Score Evaluation work LLM in on reasoning how requires many However not always need to reasoning model, especially when it sufficiently answer, and they how well he sufficiently important following evaluation: final answer should be and (for example, number or ), and not or If answer in (for example, evaluation probability, in ), should use rules evaluation for tasks in "". Evaluations can be or in dependency from context. evaluation gives full score, only if answer exactly matches with reference solution. evaluation can give for answers, which indicate on correct but contain errors, if model demonstrates understanding main concepts. evaluation suits for questions with correct answer, how evaluation can be more for tasks, where important process reasoning or where various approaches • Self-reported

30.0%

TAU-bench Retail benchmark

Function calling AI: Translate on Russian language following text method analysis.

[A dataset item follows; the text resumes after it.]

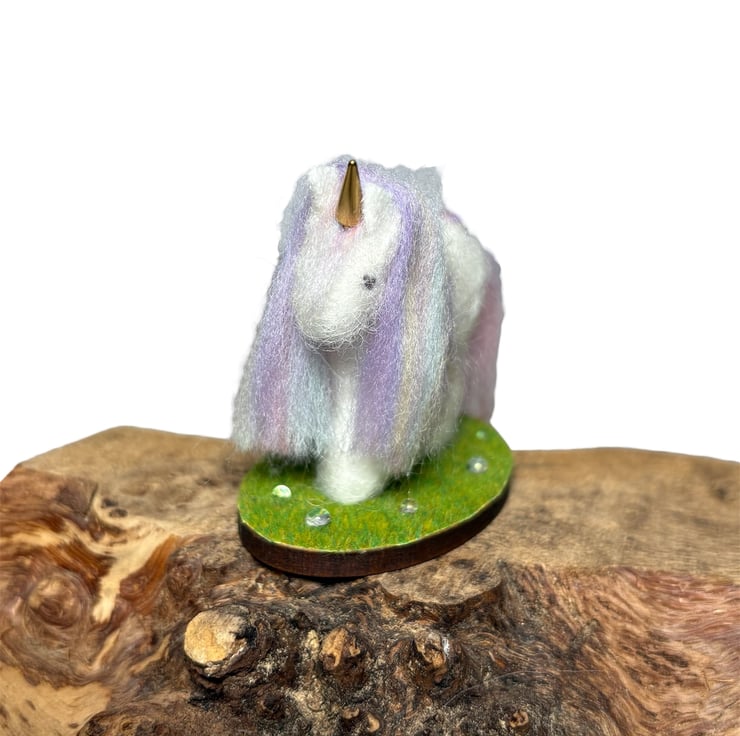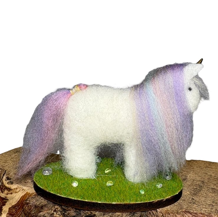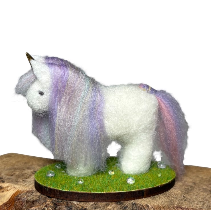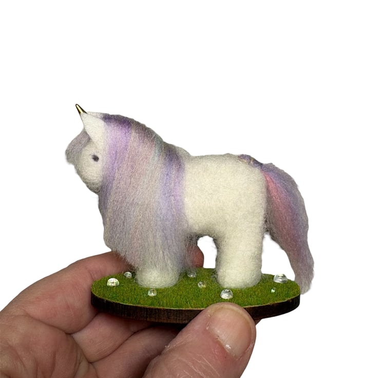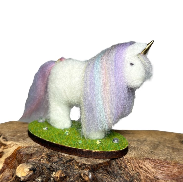 The unicorn is made from wool felt, lightly stuffed and covered in white woollen fibres that have been needle felted in place. A multicoloured pastel blend of merino wool has been used for the mane and tail and a golden horn set in place. The unicorn has been mounted on an oval wooden slice covered in artificial grass and clear, sparkling drops added.

ONLY translation, without quotes, without without explanations. Function calling • Self-reported

67.8%

License & Metadata

License

apache_2_0

Announcement Date

August 5, 2025

Last Updated

August 5, 2025

Similar Models

All Models

GPT-5 mini

OpenAI

Best score:0.8 (GPQA)

Released:Aug 2025

Price:$0.25/1M tokens

GPT-5 Medium

OpenAI

Best score:0.9 (GPQA)

Released:Aug 2025

Price:$0.75/1M tokens

GPT-5.4 nano

OpenAI

Best score:0.9 (TAU)

Released:Mar 2026

Price:$0.12/1M tokens

GPT-5

OpenAI

Best score:0.9 (HumanEval)

Released:Aug 2025

Price:$1.25/1M tokens

GPT-5.1 High

OpenAI

Best score:0.9 (GPQA)

Released:Nov 2025

Price:$2.00/1M tokens

GPT-5 High

OpenAI

Best score:0.9 (GPQA)

Released:Aug 2025

Price:$2.00/1M tokens

GPT-4o

OpenAI

Best score:0.9 (HumanEval)

Released:May 2024

Price:$2.50/1M tokens

o3

OpenAI

Best score:0.8 (GPQA)

Released:Apr 2025

Price:$2.00/1M tokens

Recommendations are based on similarity of characteristics: developer organization, multimodality, parameter size, and benchmark performance. Choose a model to compare or go to the full catalog to browse all available AI models.